Patients will be able to report unexpected
reactions to drugs |
Patients
will be able to directly report unexpected side effects of
prescription drugs to a medicines watchdog, the government has said.
The Medicines Healthcare and products Regulatory Agency (MRHA) is
to pilot different ways of submitting reports.
Patients may be able to use the Internet or forms in their GP's
surgery to register comments.
The existing Yellow Card scheme which monitors adverse drug
reactions is based on reports from doctors.
The proposal to
add patient reports to the information drug experts have is one of a
series of recommendations made by experts reviewing the scheme.
It was set up in 1964, following the Thalidomide scandal, to
provide a system for the early detection of emerging drug safety
hazards and the routine monitoring of all medicines in clinical use.
Direct patient reporting will be rolled out immediately.

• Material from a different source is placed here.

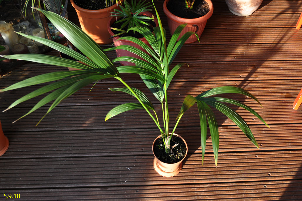 Diese schöne Fiederpalme mit leicht hängenden Blättern kommt endemisch auf der Lord-Howe-Insel 600 km östlich von Südostaustralien vor. Da es eine sehr schöne Beschreibung mit vielen Fotos von Prof. Dr. Markus Riederer online gibt, spare ich mir weitere Details. http://www.kentiapalme.de/Linksammlung/Howea_forsteriana.pdf

But other recommendations, including widening access to Yellow
Card data to academics and researchers, and for the MHRA to publish
anonymised data on their website for the public to view, will be put
out for consultation.
'Cornerstone'
Launching the proposals, health minister Lord Warner said:
"Patients want and deserve to play their full part in making
medicines safer.
"The Yellow Card System is recognised as of the best spontaneous
reporting schemes for adverse drug reactions in the world.
"By introducing direct patient reporting we will improve the
scheme even further."
Alasdair Breckenbridge, chairman of the MHRA, added: "The Yellow
Card Scheme has been the cornerstone of monitoring drug safety for
40 years.
"The data generated through the scheme can be used to further
research and improve drug safety in the UK. These proposals will
help to ensure that the full potential of this data is realised."
Melinda Letts, chairwoman of the Long-term Medical Conditions
Alliance: "We welcome this because it does give patients the power
to report these reactions.
"In doing so, it contributes to a growing sense that patients
have got more of a relationship with their own medication and making
their own decisions."
But Richard Brook, chief executive of mental health charity Mind,
added: "We need to ensure that the MHRA, the people charged with
regulating medicine in Britain, will act upon the evidence they
hear, in a decisive and wholly impartial manner.
"At present the MHRA listens far too closely to the concerns of
major pharmaceutical companies and not nearly close enough to people
experiencing side effects from drugs that should be making them
better, not worse."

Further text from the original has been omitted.